Consider a canonical ensemble of $N$ ideal gas atoms, which could have spin up or spin down. Why is it that the probability of finding the particle in a spin up state generally only involves the single partition function?
In a canonical ensemble, $P_i = \frac{e^{-\frac{E_i}{kT}}}{Z}$.
$$P_{up} = \frac{e^{-\frac{h}{kT}}}{e^{-\frac{h}{kT}}+e^{\frac{h}{kT}}} $$
Why do we only use the one-particle partition function here and not the $N$ particle partition function?

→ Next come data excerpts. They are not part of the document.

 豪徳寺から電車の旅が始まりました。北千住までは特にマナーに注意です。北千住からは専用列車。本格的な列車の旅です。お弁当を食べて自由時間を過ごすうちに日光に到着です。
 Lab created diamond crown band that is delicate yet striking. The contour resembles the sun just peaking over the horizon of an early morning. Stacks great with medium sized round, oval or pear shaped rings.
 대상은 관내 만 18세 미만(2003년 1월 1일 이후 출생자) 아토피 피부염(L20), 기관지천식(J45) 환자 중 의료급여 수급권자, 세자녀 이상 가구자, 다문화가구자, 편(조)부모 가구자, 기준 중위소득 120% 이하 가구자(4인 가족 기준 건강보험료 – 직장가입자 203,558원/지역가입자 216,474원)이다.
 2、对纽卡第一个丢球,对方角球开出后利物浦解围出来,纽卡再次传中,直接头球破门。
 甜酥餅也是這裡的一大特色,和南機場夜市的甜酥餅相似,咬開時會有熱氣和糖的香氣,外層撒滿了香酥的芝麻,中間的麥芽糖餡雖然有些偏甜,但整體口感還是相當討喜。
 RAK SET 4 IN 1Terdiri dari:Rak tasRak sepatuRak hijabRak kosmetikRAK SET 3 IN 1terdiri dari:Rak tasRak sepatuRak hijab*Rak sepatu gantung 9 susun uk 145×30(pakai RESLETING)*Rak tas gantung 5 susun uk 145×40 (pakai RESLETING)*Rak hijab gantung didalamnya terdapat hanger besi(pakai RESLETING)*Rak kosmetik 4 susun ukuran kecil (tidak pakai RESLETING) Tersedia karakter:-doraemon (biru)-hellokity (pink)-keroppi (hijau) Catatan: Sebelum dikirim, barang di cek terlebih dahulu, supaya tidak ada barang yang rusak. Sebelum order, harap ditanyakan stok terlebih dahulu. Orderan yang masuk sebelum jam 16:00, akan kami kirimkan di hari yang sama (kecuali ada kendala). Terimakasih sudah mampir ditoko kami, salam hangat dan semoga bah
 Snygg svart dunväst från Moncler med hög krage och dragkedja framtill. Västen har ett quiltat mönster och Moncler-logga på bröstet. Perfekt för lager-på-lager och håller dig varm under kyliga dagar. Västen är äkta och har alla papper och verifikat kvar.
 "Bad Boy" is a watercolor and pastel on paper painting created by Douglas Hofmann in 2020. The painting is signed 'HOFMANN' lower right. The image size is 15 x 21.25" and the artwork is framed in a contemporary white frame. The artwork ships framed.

I tried this using a sample Hamiltonian:
$$H = \sum_{i=1}^N \frac{p_i^2}{2m} - h s_i$$
I got:
$$Z = \frac{1}{N!} \left(\frac{V}{\lambda^3} (e^{\beta h} + e^{-\beta h}) \right)^N$$, where $\lambda = \frac{h}{\sqrt{2 \pi m k_B T}}$
Is it possible to reproduce $P_{up}$ from the $N$-particle partition function. Can one do this using the binomial theorem, $(1+x)^n = \sum_{k=0}^n {n \choose k} x^k$?
I'm trying to understand how the single particle and many particle partition functions are related.